Hi, me and my ex boyfriend was together for one year and 2 months.

I broke up with him because he was abusive.

I couldn't do with all the mind games he played.

He text me nasty things because I ended it with him.

He made up I messaged his sister on Facebook and then he texted me again the week after. After a huge argument he created through text, I ended up telling him to never speak to me again.

We was ignoring each other at first. He said 'Hi' to me outside the pub, but I just ignored him. We haven't spoke in one month. But I went out the other night and he walks over to me by himself, stares at me for a few minutes and smiles then walked away. I then walked past him and he turned around very fast and stared at me as I walked for a few minutes. I wasn't looking at him either then.

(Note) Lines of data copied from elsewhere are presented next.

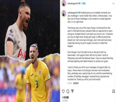 德拉古辛对此表示:“足球带给过我很多难以置信的时刻,但同时也有着很多挑战,其中一些尤为艰难。遗憾的是,我现在就面临着其中之一:右膝前十字韧带撕裂。”
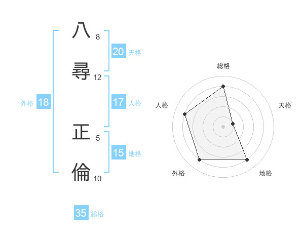 八尋 正倫さんの天格は20画の1点!
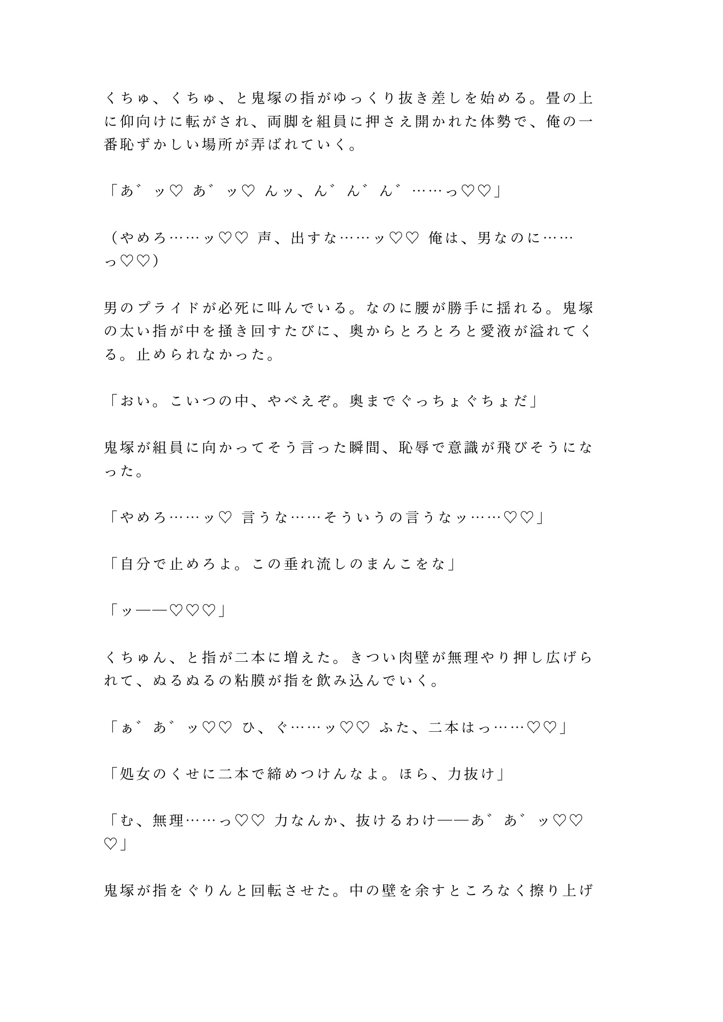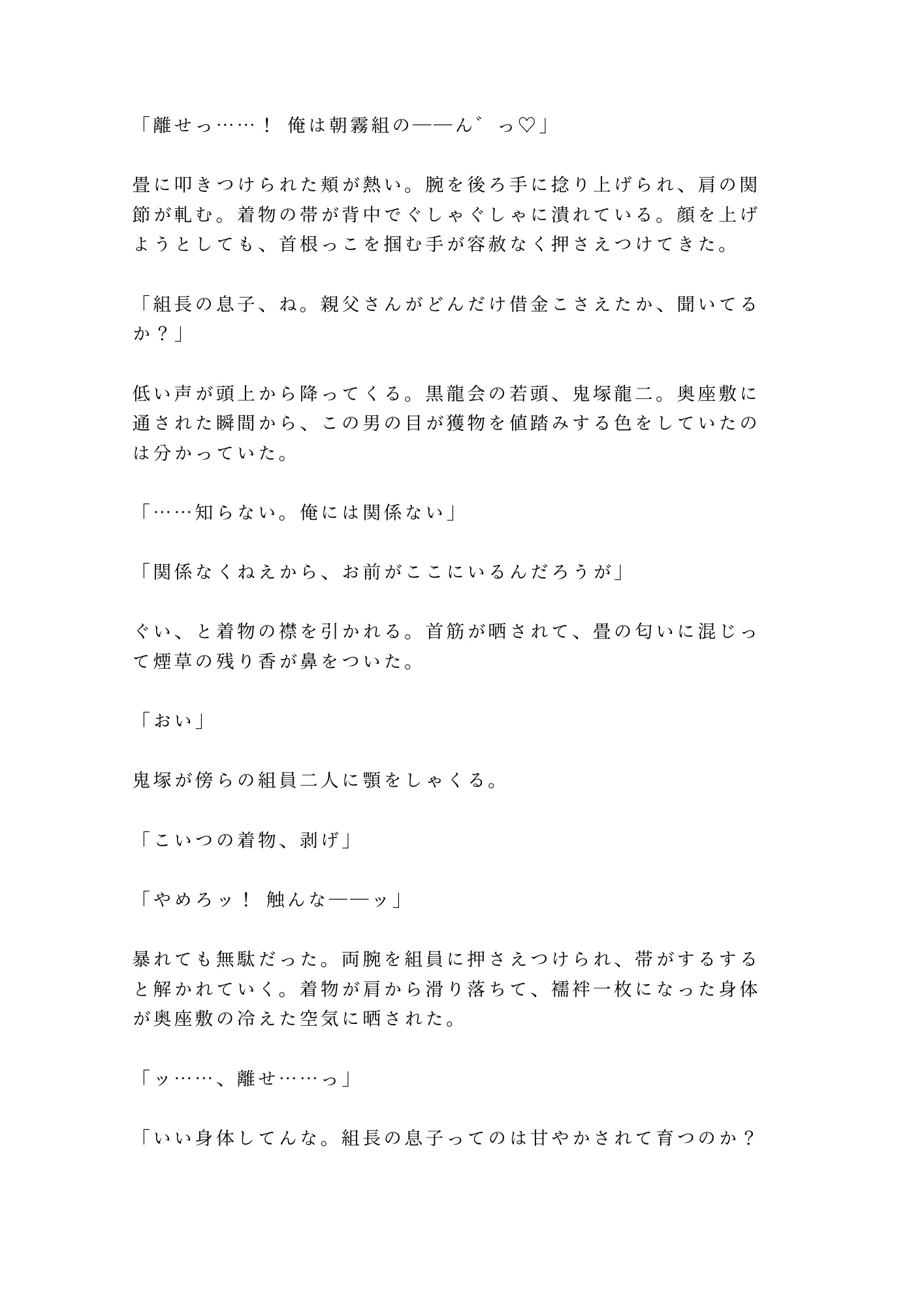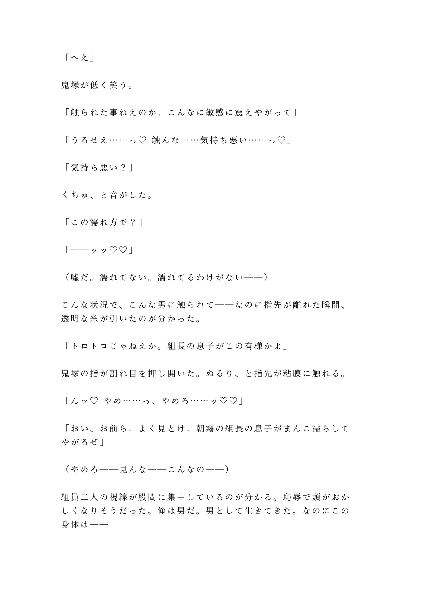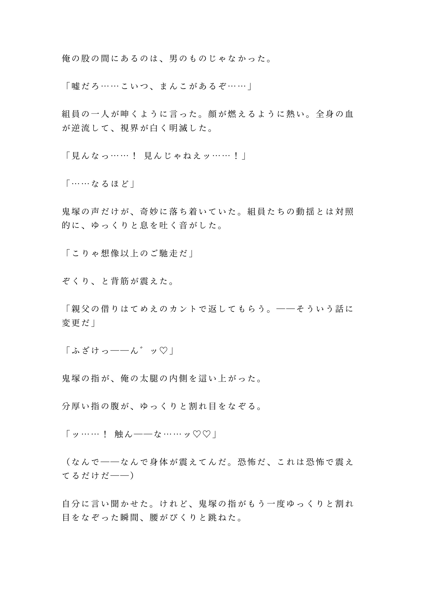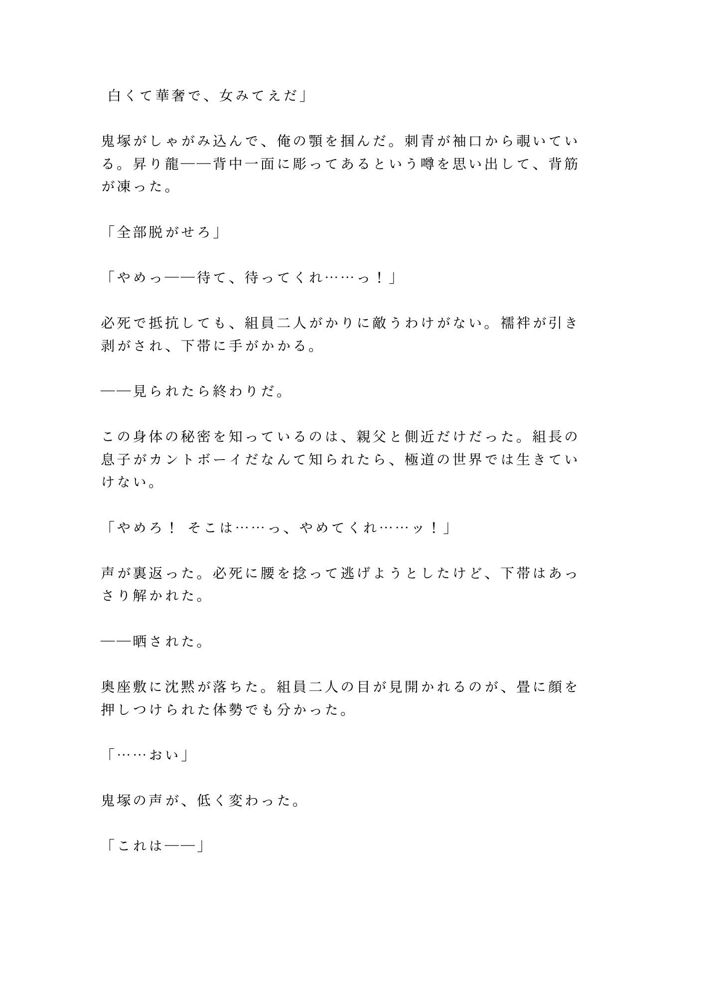 親父の借金のカタに黒龍会へ差し出された朝霧組の若。だが極道の世界で隠し通してきた秘密――股の間にあるカントを、若頭・鬼塚に暴かれてしまう。「親父の借りはてめえのカントで返してもらう」組員の目の前で処女を暴かれ、触れたこともない場所を開発され、抵抗する声はいつしか甘い嬌声に変わっていく。男のプライドと雌の本能が激突する、極道カントボーイ凌○譚。

Then to make it worse I saw him talking to another girl. He hasn't moved on with anyone else or got a new girlfriend, but it hurt so much to see that. He didn't look happy with her and they wasn't sitting close. He was talking to her as soon as I walked back over. Why does he still continue to stare at me? Does he miss me or just not miss me at all? He was avoiding the night club for a few weeks, but now he has started to come back in it. I find it so difficult to get over someone who stares at me ;( Is there a small chance maybe he misses me or is this all in my head? I miss him so much. :(

Advice please.We're both 20 years old btw.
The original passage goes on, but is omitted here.